Please reproduce the entries below exactly as they stand, but leave the pictures out.

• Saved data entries
_____

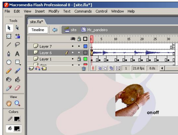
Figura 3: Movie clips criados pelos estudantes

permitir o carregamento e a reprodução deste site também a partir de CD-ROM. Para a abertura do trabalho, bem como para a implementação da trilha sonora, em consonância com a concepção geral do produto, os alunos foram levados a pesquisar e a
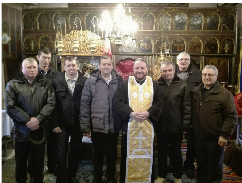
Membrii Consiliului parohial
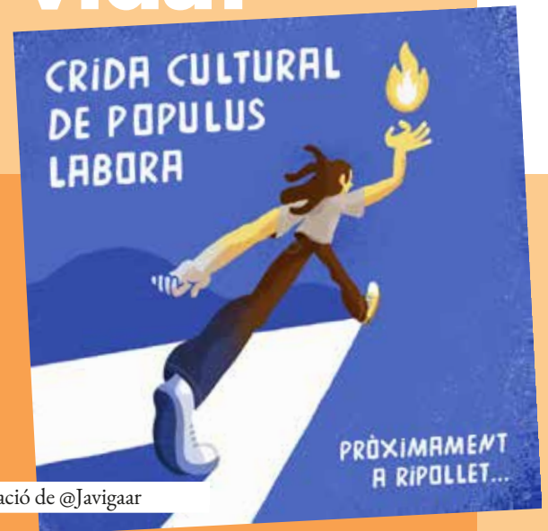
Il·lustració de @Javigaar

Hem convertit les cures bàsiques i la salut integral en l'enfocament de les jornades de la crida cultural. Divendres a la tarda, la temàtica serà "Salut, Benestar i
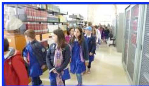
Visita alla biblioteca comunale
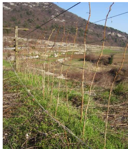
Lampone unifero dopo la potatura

_____

• SOLUTION BELOW
Figura 3: Movie clips criados pelos estudantes

permitir o carregamento e a reprodução deste site também a partir de CD-ROM. Para a abertura do trabalho, bem como para a implementação da trilha sonora, em consonância com a concepção geral do produto, os alunos foram levados a pesquisar e a
Membrii Consiliului parohial
Il·lustració de @Javigaar

Hem convertit les cures bàsiques i la salut integral en l'enfocament de les jornades de la crida cultural. Divendres a la tarda, la temàtica serà "Salut, Benestar i
Visita alla biblioteca comunale
Lampone unifero dopo la potatura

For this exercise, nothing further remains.